Activity in neural populations related to threshold sensitivity and frequency resolution in the rat auditory brainstem.

摘要

It is difficult to measure the coordinated activity of populations of neurons in the central nervous system. Here, we use immunocytochemical localization of Fos protein, a nuclear transcription factor, as a metric for "sound activation" to examine the populational response in the rat auditory brainstem. Fos protein expression is intimately related to the rate and pattern of neuronal firing.; The first issue addressed is the threshold sensitivity of granule and non-granule neuronal cell types in the cochlear nucleus (CN). Our results show that most CN neuron types can upregulate Fos expression when sound activated, and the number of Fos-expressing neurons is directly related to sound level. The threshold for Fos activation in granule cells is lower than that for non-granule cells. The number of Fos activated granule cells saturates at high sound levels, while the number of Fos activated non-granule cells is a monotonic function.; The second issue addressed is the frequency resolution in the auditory brainstem. Fos expression was used to investigate the separation of neural populations in the dorsal cochlear nucleus (DCN) and the inferior colliculus (IC) activated by alternating tones at two different frequencies.

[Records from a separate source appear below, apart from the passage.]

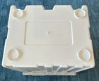 This vintage cream hinge lid laundry clothes hamper basket is an excellent addition to any home. Made of durable plastic material, it is suitable for holding clothes and other items. The hamper features a lid that helps to keep the contents inside safe and secure. It has a height of 17 inches and is designed by Festival, a trusted brand in the market. The laundry hamper is perfect for those who need a place to store their clothes and other items. The white color adds a touch of elegance to the hamper, making it a great addition to any room. The lid is easy to remove and replace, making it simple to access the contents inside. This item is perfect for anyone who needs a reliable and stylish laundry hamper.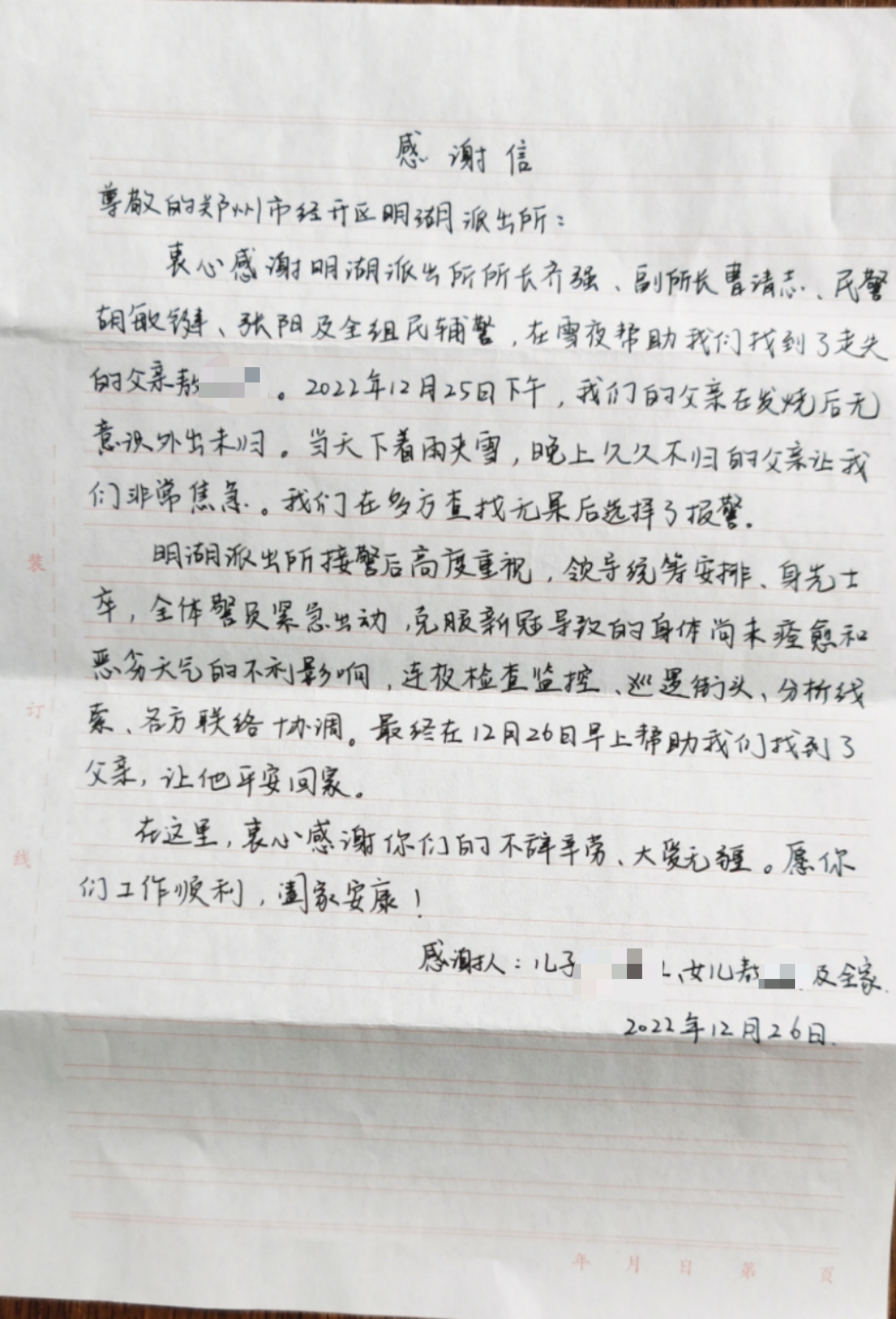 “感谢明湖派出所全组民辅警,在雪夜帮助我们找到了走失的父亲......”敖女士这样写道。
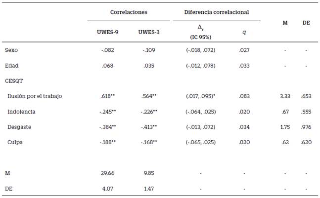 La correlación no ajustada (r = .931, p < .01) y ajustada (r = .824, p < .01) entre UWES-9 y UWES-3 fue elevada, indicando muy similar ordenamiento de sujetos desde ambos puntajes. El acuerdo clasificatorio fue moderadamente alto, AC1 = .611 (IC 95% = .537, .687), indicando la tendencia a diferenciar sujetos cuando son clasificados en cuartiles. Respecto a equivalencia de la validez o discriminación de constructo con el síndrome de quemarse por el trabajo, las correlaciones del UWES-9 (puntaje único basado en el modelo unidimensional; ver párrafos arriba) y UWES-3 obtenidas mostraron coherencia teórica (Tabla 4). La correlación con la dimensión de Ilusión por el Trabajo del CESQT-PE fue positiva y alta, mientras que con el resto de los puntajes fue de dirección negativa y bajas o moderadamente bajas, como se esperaba. Respecto la diferencia correlacional, ambas versiones produjeron magnitudes correlacionales similares; la magnitud de estas diferencias estimadas fue pequeña, porque: a) entre 8% y 11% más bajo respecto a la versión UWES-9, b) los intervalos de confianza para las diferencias correlacionales (∆r) incluyeron el cero (excepto en Ilusión por el trabajo), y c) la diferencia estandarizada (q) fue entre .020 y .083, es decir, de magnitud insustancial. Considerando la edad y el sexo de los participantes, los puntajes de ambas versiones correlacionaron cero en la población, y la diferencia correlacional fue insustancial (q alrededor de cero) (Tabla 4).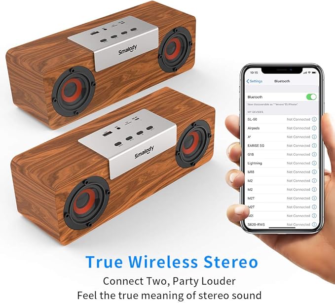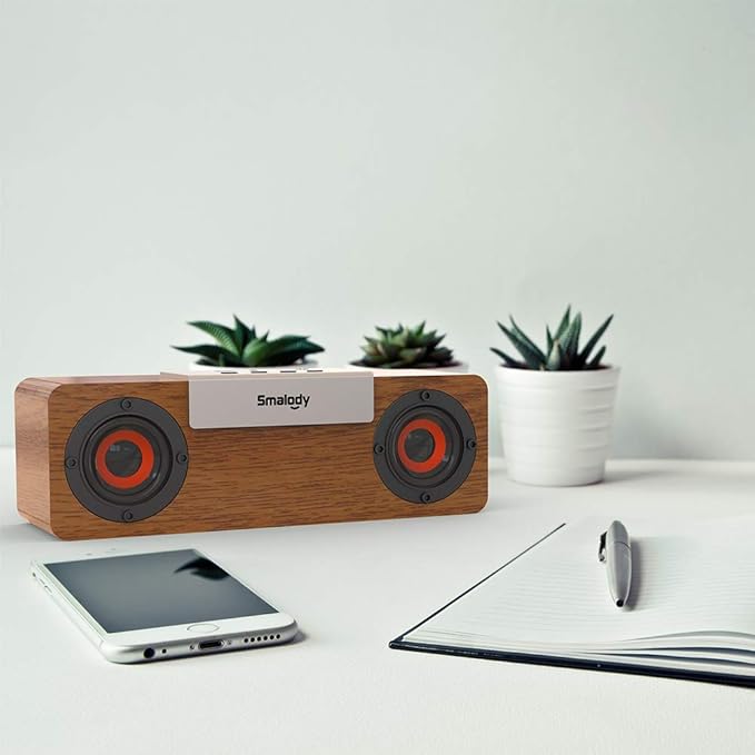 Bluetooth スピーカー, Smalody 10W木製ワイヤレススピーカー /持ち運びに便利/デュアルドライバー/でステレオサウンド/ハンズフリー/TFカード/AUX線対応 搭載 iPhone Android タブレット pcなど対応

We show that tones a quarter-octave apart will activate a single population of neurons, while tones of one-half octave separation or more will activate largely separate populations of neurons in the IC and the DCN. The width of the bands broadens with increased sound intensities, more rapidly in the DCN than in the IC.; Consequently, the last issue addressed the basis for lateral inhibition in the IC. To study intrinsic ipsilateral connections, small injections of a fluorogold and biotinylated dextran mixture were made into the IC to identify local circuits. Immunocytochemistry was then used to identify GABAergic neurons. Similar methods with larger injections identified the commissural projections from the contralateral IC. Our results show that 93% of the ipsilateral local circuits in the IC are non-GABAergic and presumably excitatory. In contrast, 22% of the commisural connections are GABA-positive. Our results suggest that lateral inhibition in the IC may result primarily from inhibitory afferent axons from the lower auditory brainstem or contralateral IC.